Note: Because these files are removed, they are totally gone after
      unmounting aufs. It means the inode numbers are not persistent
      across unmount or reboot. I have a plan to make them really
      persistent which will be important for aufs on NFS server.

4. Read/Write Files Internally (copy-on-write)
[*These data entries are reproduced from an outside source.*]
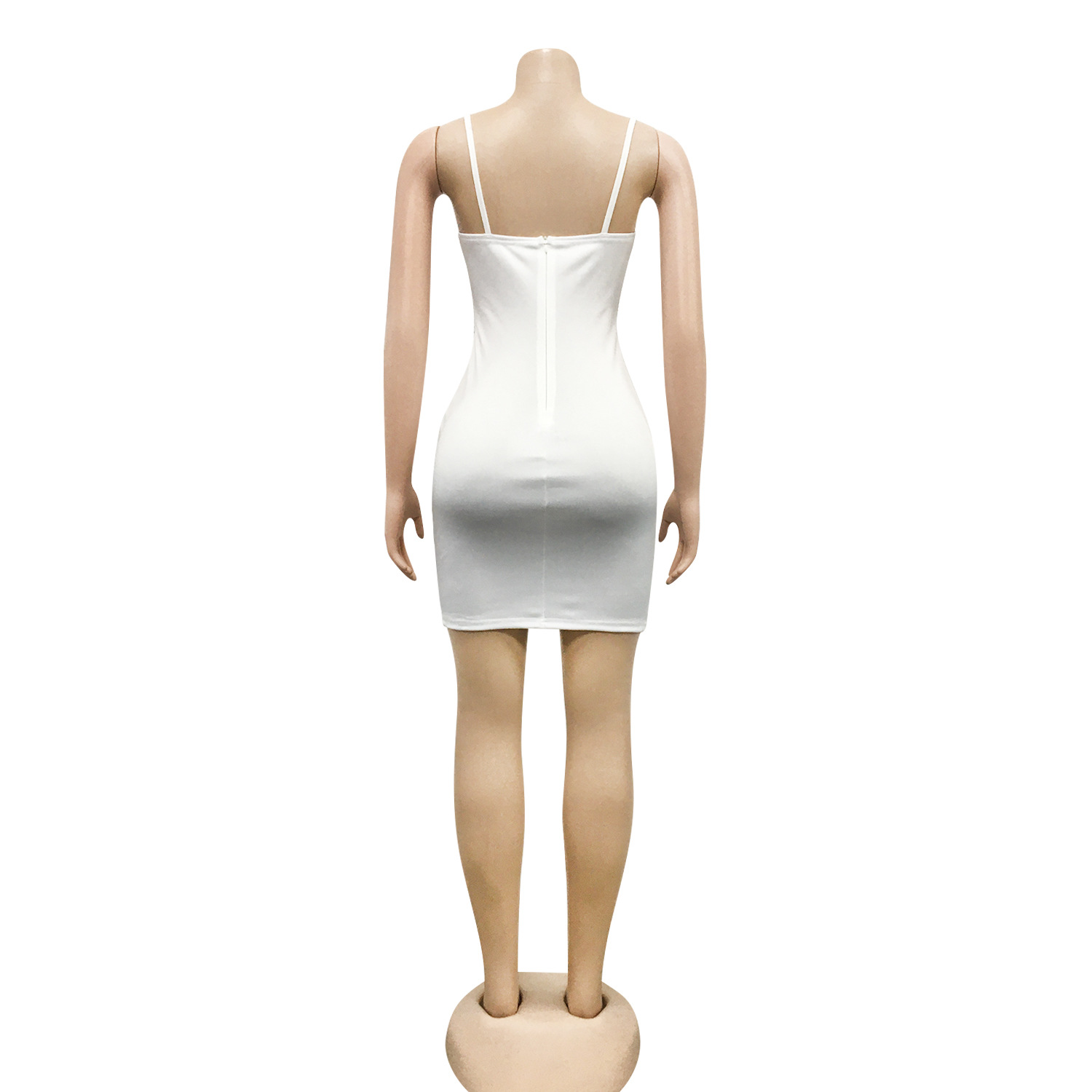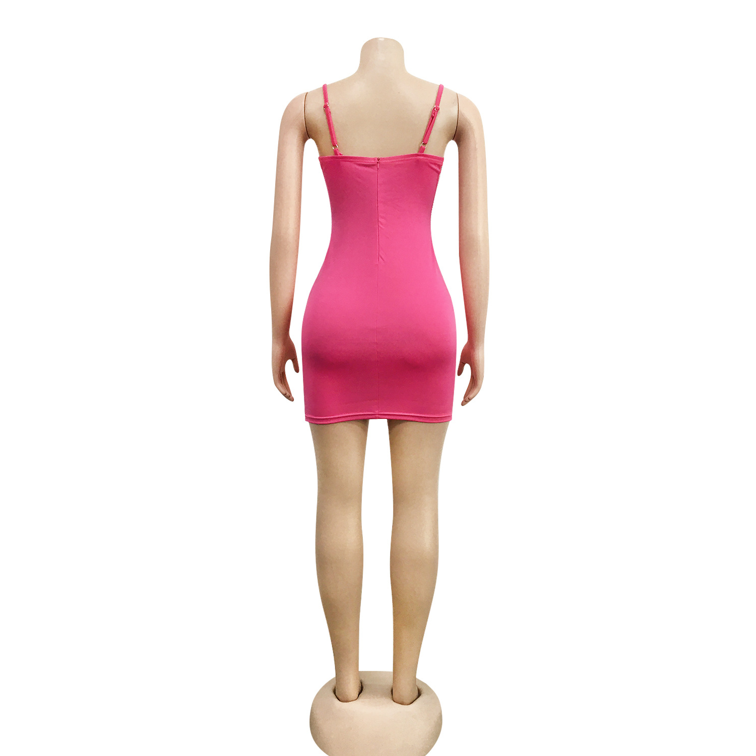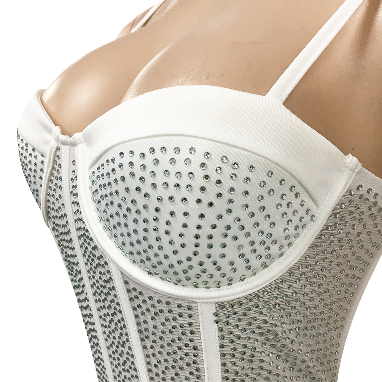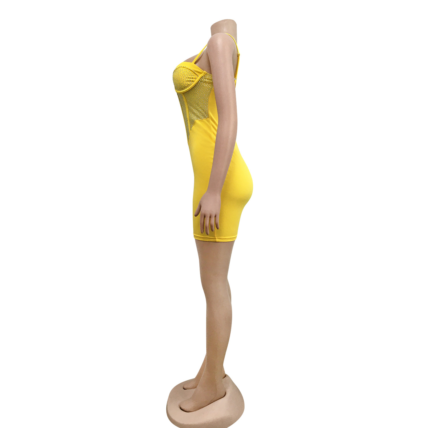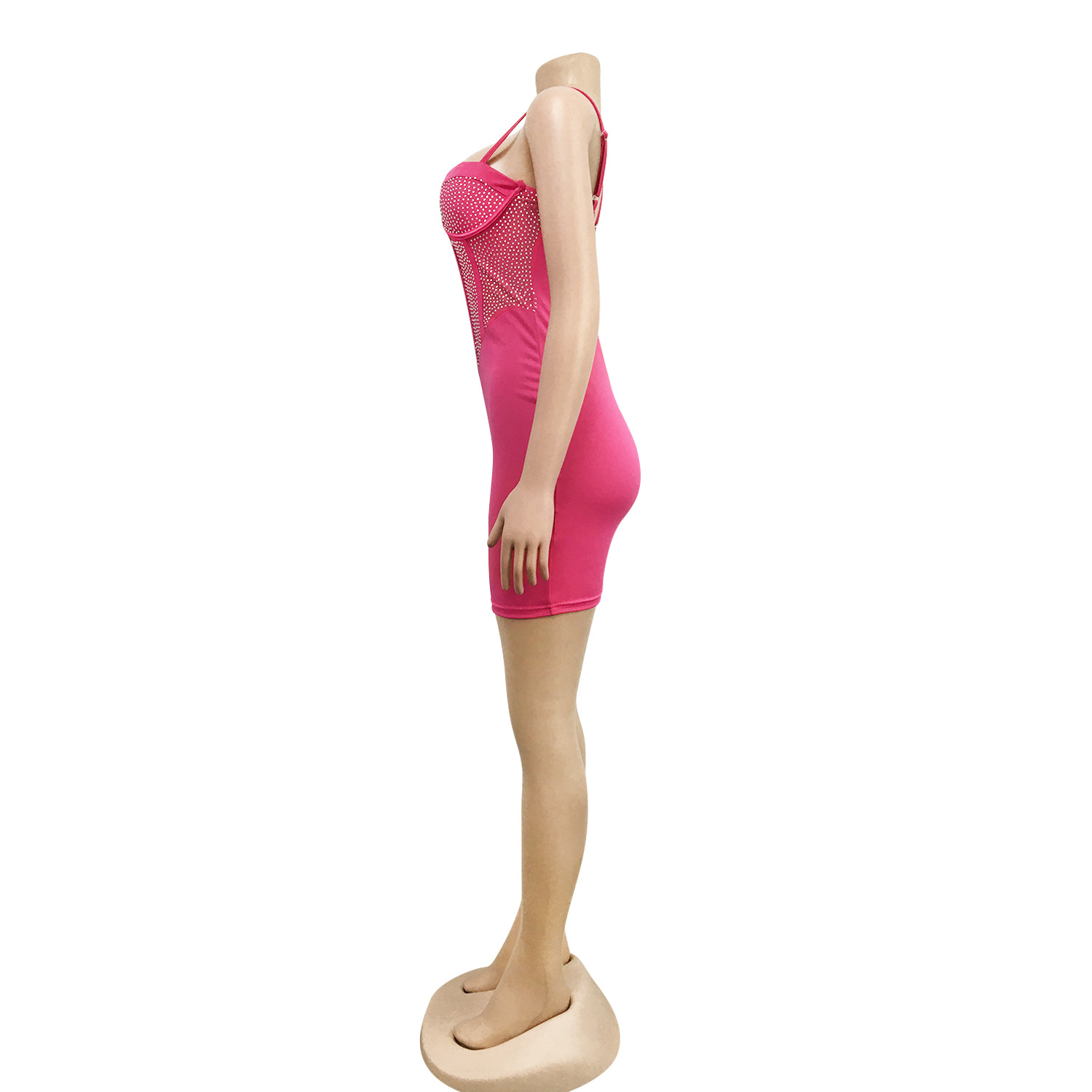 Sexy Spaghetti Straps Corset Mesh Drilling Solid Color Dress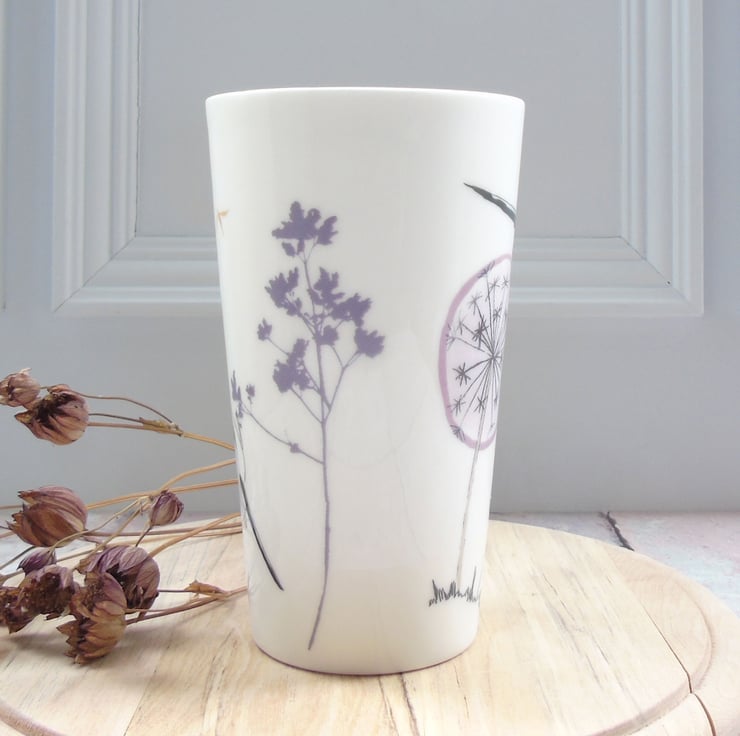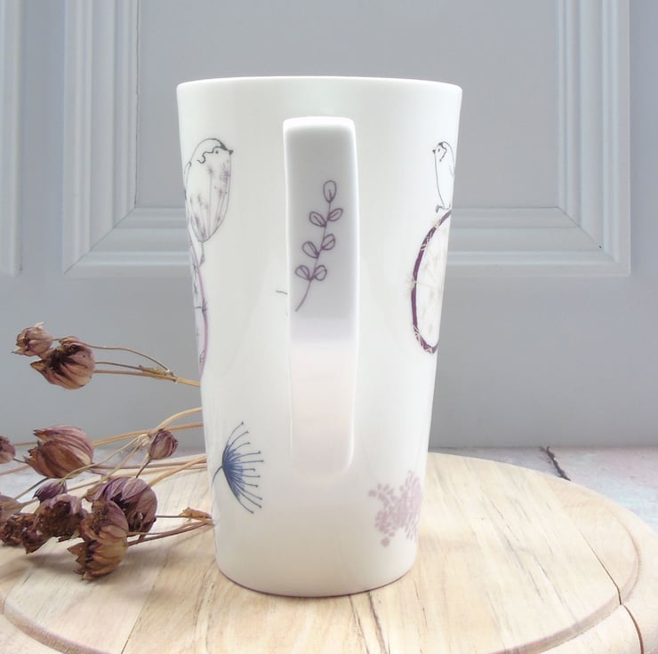 A tall, cone shaped bone china latte mug hand decorated with ceramic transfers of my illustrations of birds and botanical imagery. An elegant way to take your morning coffee or mid afternoon break with a slice of cake.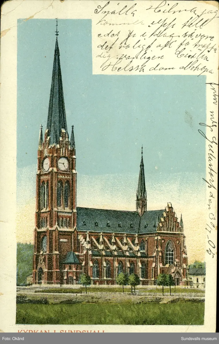 Vykort med motiv över Gustav Adolfs kyrka i Sundsvall.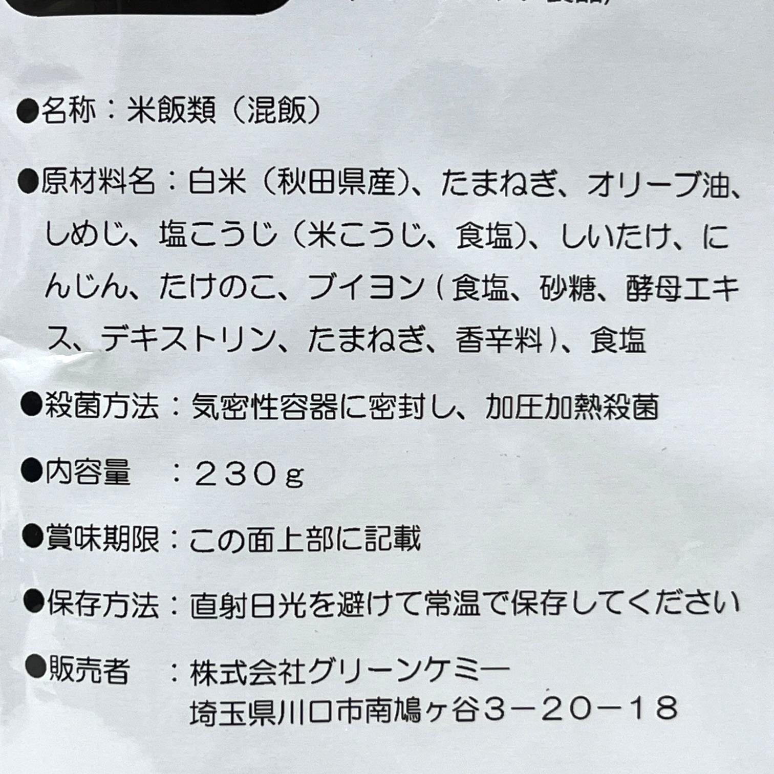 7年保存の水もお湯もいらない調理不要でそのまま食べれるレトルト食品です。国産米使用・アレルギー対応・ハラール認証食品です。素材のやさしい味わいを楽しめる五目ごはんです。

Because a branch can be readonly, when you write a file on it, aufs will
"copy-up" it to the upper writable branch internally. And then write the
originally requested thing to the file. Generally kernel doesn't
open/read/write file actively. In aufs, even a single write may cause a
internal "file copy". This behaviour is very similar to cp(1) command.

Some people may think it is better to pass such work to user space
helper, instead of doing in kernel space. Actually I am still thinking
about it. But currently I have implemented it in kernel space.